Would you retype the listing below word for word, without any of its pictures?

COLLECTED DATA START

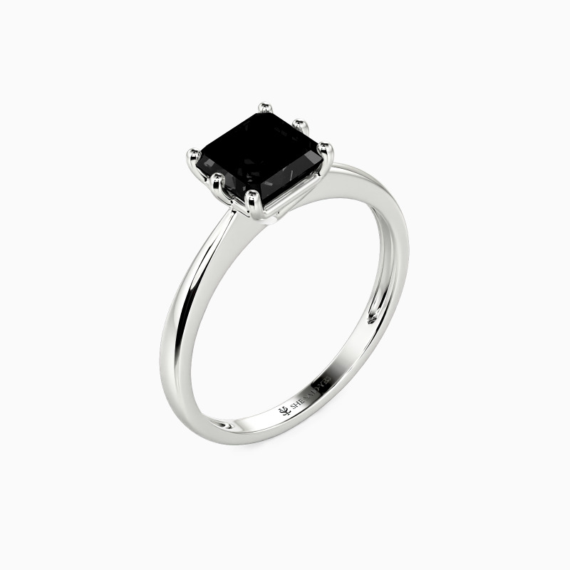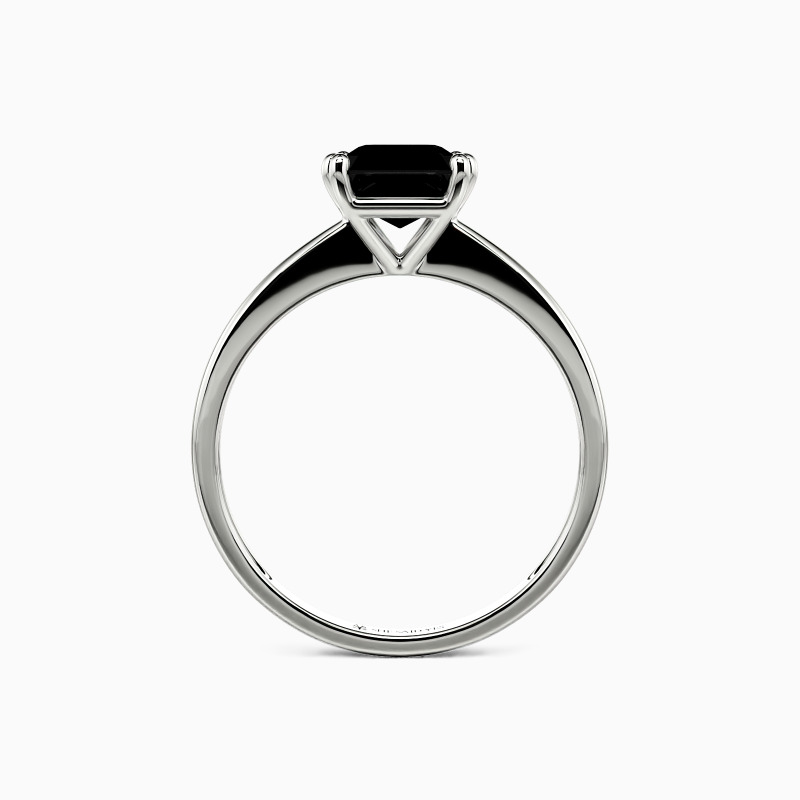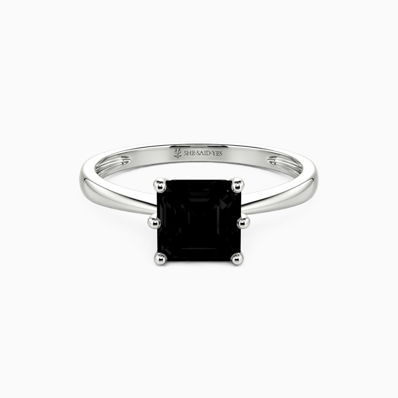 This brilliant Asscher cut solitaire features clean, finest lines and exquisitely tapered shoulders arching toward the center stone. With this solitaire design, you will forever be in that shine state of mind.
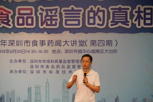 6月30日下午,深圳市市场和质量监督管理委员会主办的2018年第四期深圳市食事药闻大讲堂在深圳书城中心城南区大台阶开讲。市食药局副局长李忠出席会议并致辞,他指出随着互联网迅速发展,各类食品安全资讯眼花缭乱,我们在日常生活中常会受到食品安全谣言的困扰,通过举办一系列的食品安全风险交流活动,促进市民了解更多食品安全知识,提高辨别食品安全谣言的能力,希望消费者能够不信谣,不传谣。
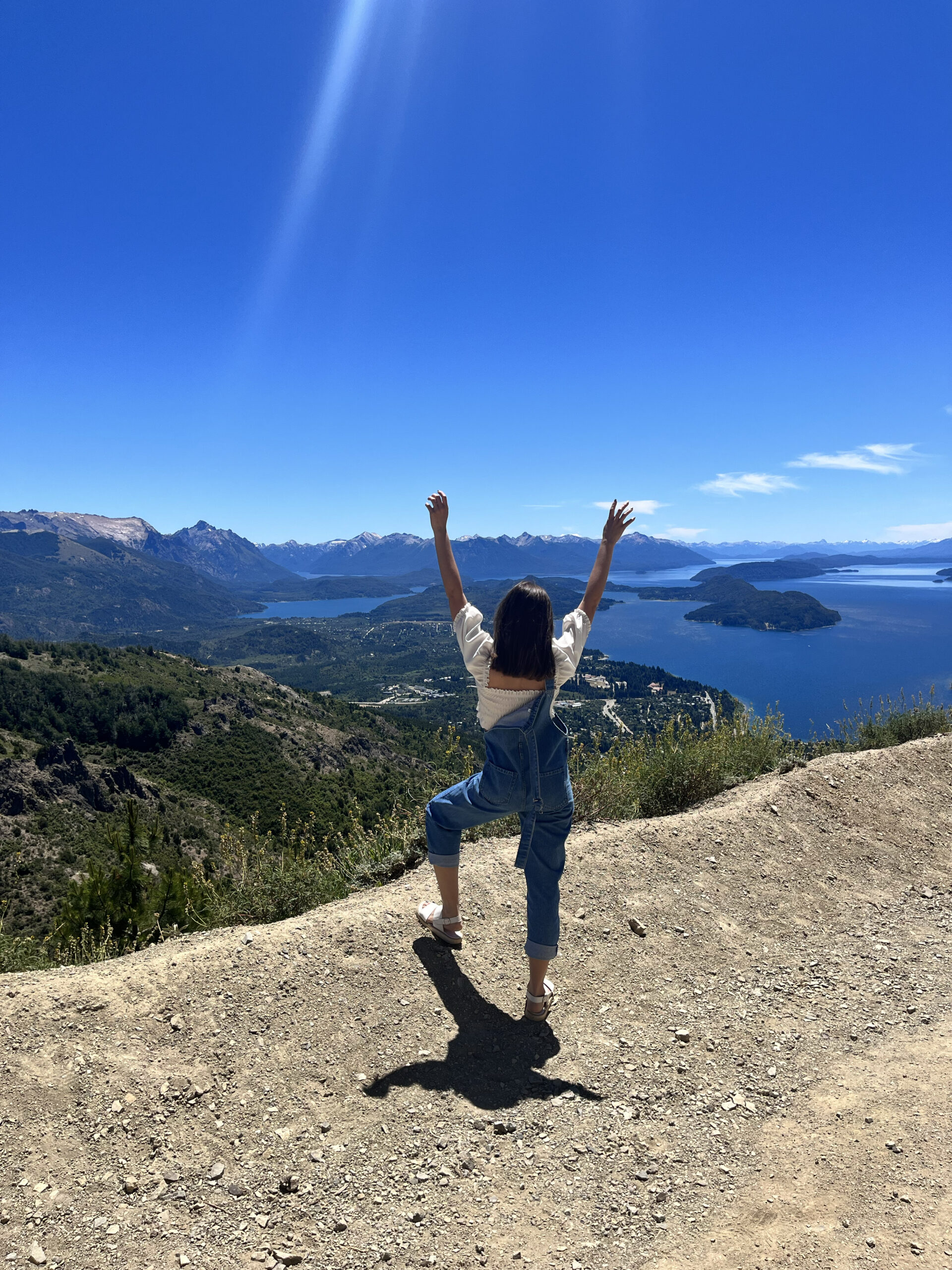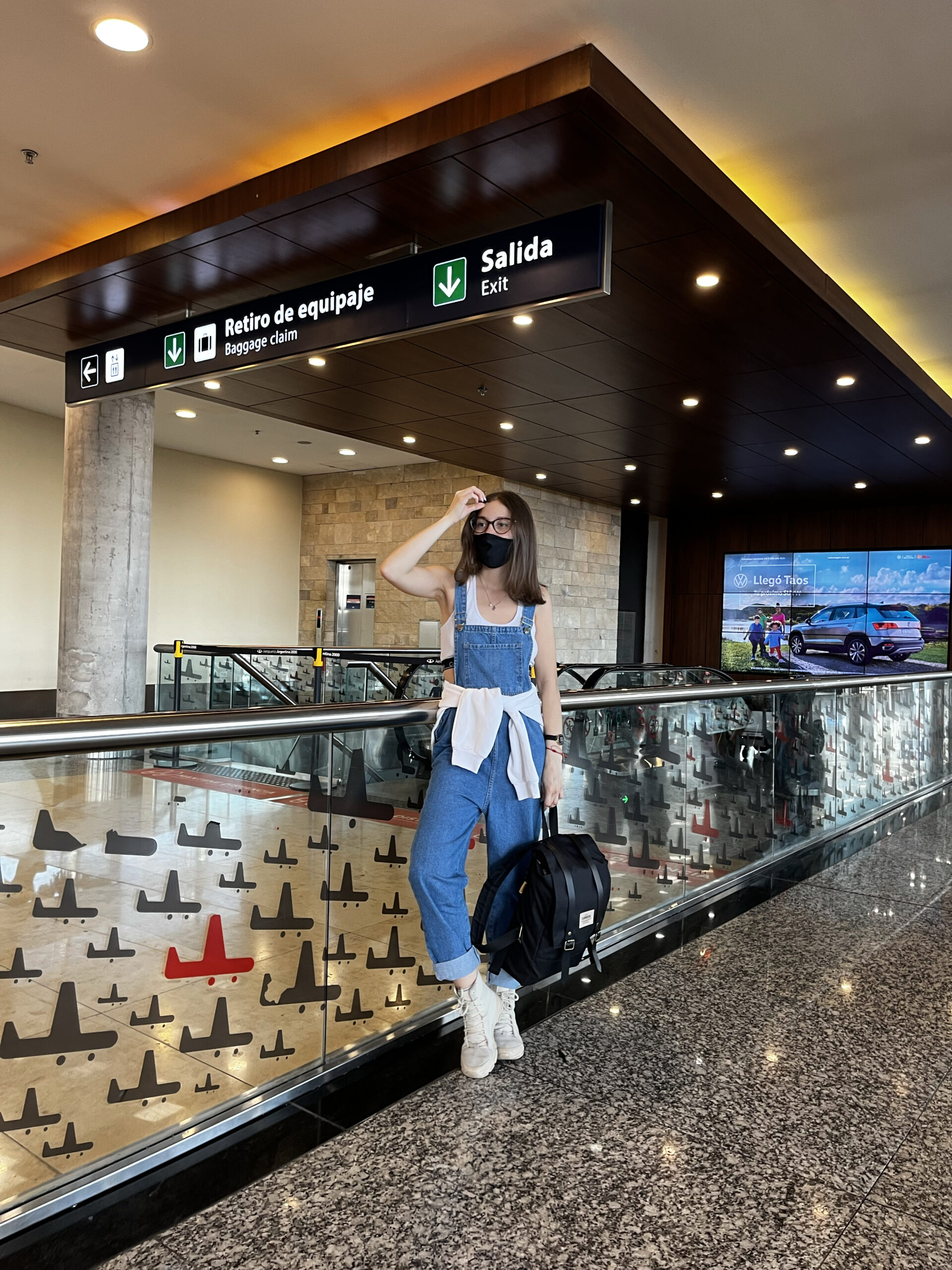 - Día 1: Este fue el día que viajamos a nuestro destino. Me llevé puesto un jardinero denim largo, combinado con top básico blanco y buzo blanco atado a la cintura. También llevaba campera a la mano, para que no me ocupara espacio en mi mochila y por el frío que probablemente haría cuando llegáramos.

COLLECTED DATA END

## TASK SOLUTION
 This brilliant Asscher cut solitaire features clean, finest lines and exquisitely tapered shoulders arching toward the center stone. With this solitaire design, you will forever be in that shine state of mind.
 6月30日下午,深圳市市场和质量监督管理委员会主办的2018年第四期深圳市食事药闻大讲堂在深圳书城中心城南区大台阶开讲。市食药局副局长李忠出席会议并致辞,他指出随着互联网迅速发展,各类食品安全资讯眼花缭乱,我们在日常生活中常会受到食品安全谣言的困扰,通过举办一系列的食品安全风险交流活动,促进市民了解更多食品安全知识,提高辨别食品安全谣言的能力,希望消费者能够不信谣,不传谣。
 - Día 1: Este fue el día que viajamos a nuestro destino. Me llevé puesto un jardinero denim largo, combinado con top básico blanco y buzo blanco atado a la cintura. También llevaba campera a la mano, para que no me ocupara espacio en mi mochila y por el frío que probablemente haría cuando llegáramos.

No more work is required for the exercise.